Solved – Market Basket Analysis using Clustering to discover *new* product combinations

aprioriassociation-rulesclusteringk-means

I have transaction data from a Quick Service Restaurant (QSR) client. Each record in this data set represents a transaction. My objective is to discover products that are the best candidates to be combined together and offered to customers.

Traditionally, I would have performed a Market Basket Analysis on this data, using metrics like ‘confidence, lift, and support, to reveal items that are most frequently bought together. This is commonly known as Association Rules or Affinity analysis. [See the apriori algorithm that utilizes these principles.]

But, here’s the rub: the QSR already offers combo meals to their customers. Due to this, the analysis “discovers” product groups that were historically offered together in combo meals. The analysis reveals nothing that is novel, i.e., products that were offered together were also most-frequently purchased together. This is expected because the way MBA is done traditionally is an empirical method – you will find products that were purchased together in the historical data; there’s no “projection” (so to speak) in this method.
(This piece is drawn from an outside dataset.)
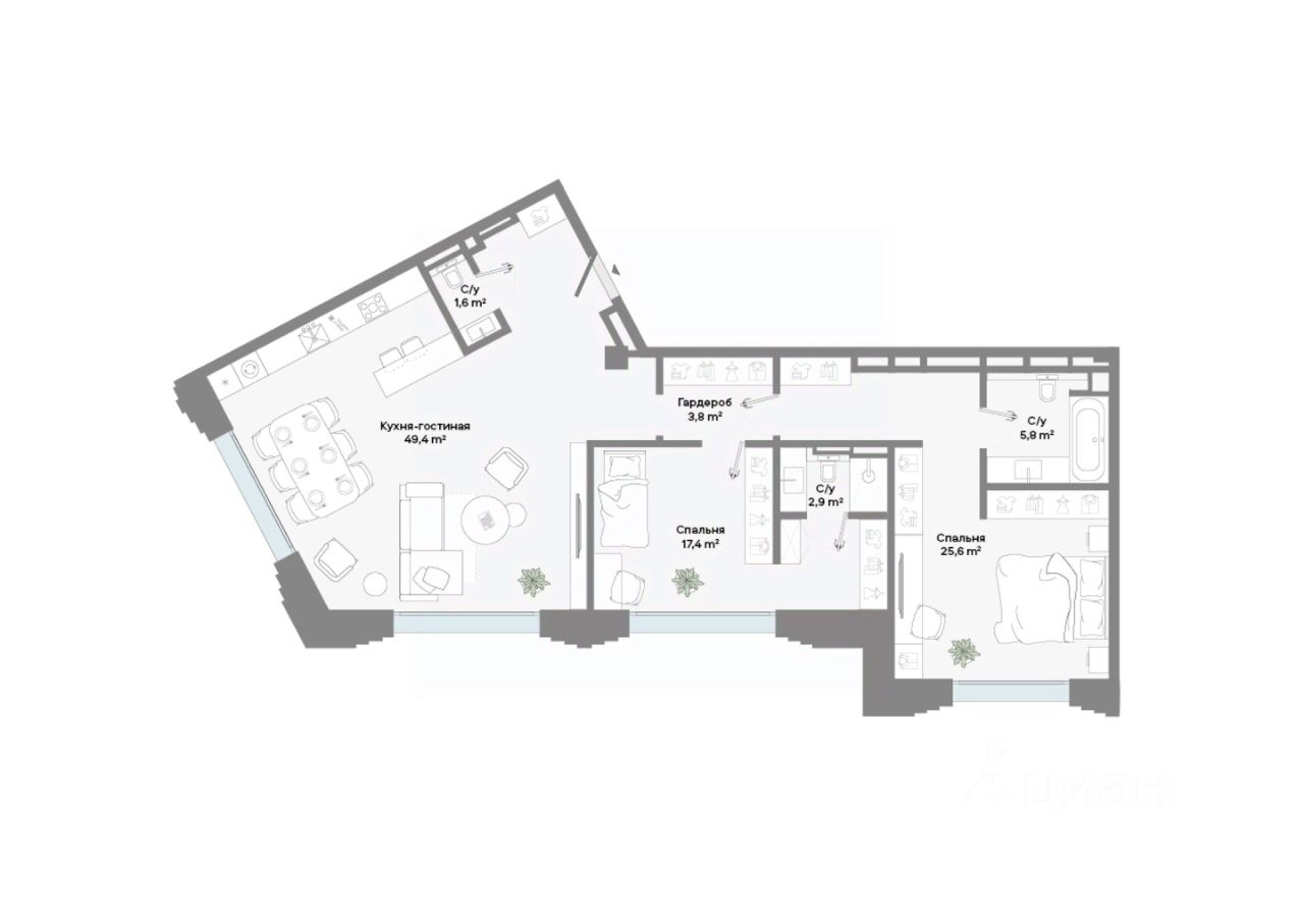 Продается 2-комнатная квартира площадью 106,5 кв.м. на 6-м этаже 9-этажного Клубного дома CULT. Высота потолков 3,2 м.
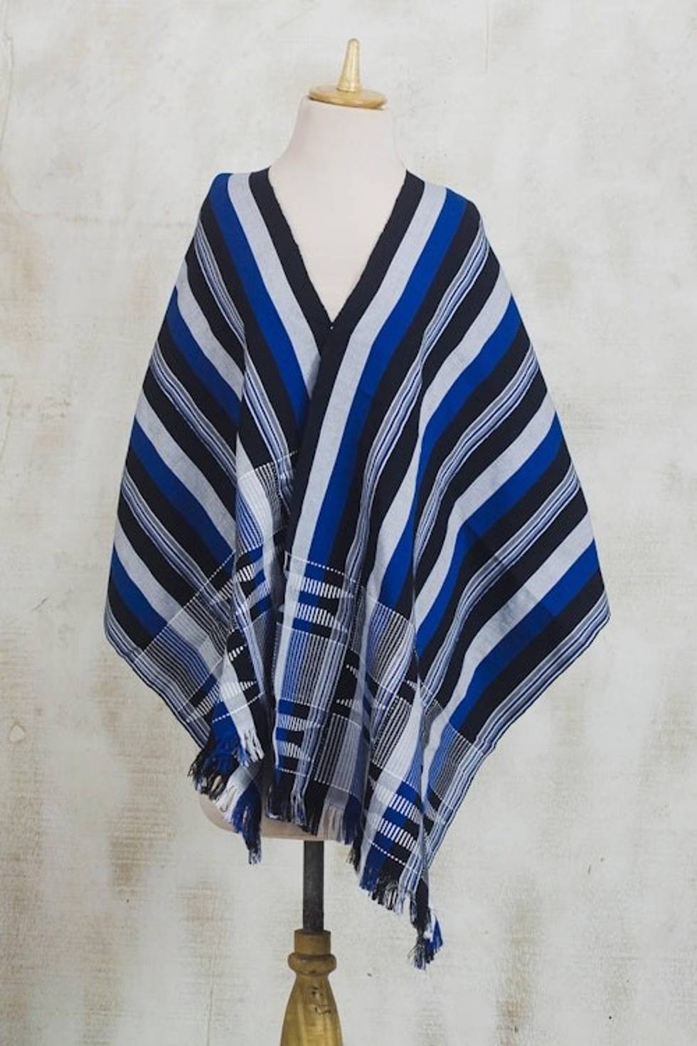 Blue Black and White Hand Woven 100 Cotton Kente Shawl 'Textured Delft Blue' Item ID: 2671803797

So now I am considering an alternative approach: use cluster analysis (e.g., k-means) to identify products that cluster together. In order to prepare the data for this analysis, I can create a dummy indicator (binary flag) for each item that exist in the data set. The cluster analysis would be performed based on (all or some of) those dummy indicators to group transactions. Let’s say the cluster analysis yields five clusters. I would then look into each cluster and identify variables (dummy indicators) that are predominant in each cluster. One way to do this would be to look the ratio of between-cluster variance to within-cluster variance ($R^2$ to $(1-R^2)$) for each variable.

I briefly tested this approach, and it looks like this method is be able to look beyond what was offered together historically, and yield new product-bundle ideas (based on items that cluster together).

My questions are as follows: Does this approach make sense? Are there any references (books/papers) about this method of doing market basket analysis (aka product bundle analysis) using clustering?

Update: Please note that I am not asking how to solve the above stated problem. I have a specific solution in mind, and I am asking whether this approach has any theoretical, practical, empirical, or intuitive backing.

PS: There's a related question about this (link), but the answer — that you can use frequent itemset mining — is hardly satisfying, because this just appears to be yet another name for association rules mining. All of the following approaches/techniques would yield product that were purchased together in the past, rather than products that might not have been bought together in the past but are good candidates for bundling: association rules, affinity analysis, apriori algorithm, (and more generally) market basket analysis, and product bundle analysis.

Best Answer

k-means or clustering won't get you anywhere.

Frequent itemset mining is most appropriate for this data type.

Yes, it will discover combos you have been offering before. But the solution is simple: clean your data.

Option 1) remove known combos

Option 2) treat known combos as a single item (i.e. customer hought combo-1, not burger and fries separately)

Option 3) ignore frequent patterns / association rules that you already use(d).

The ability to discover the combos that you had just demonstrates that it worked! Did you get anything remotely useful from k-means?!?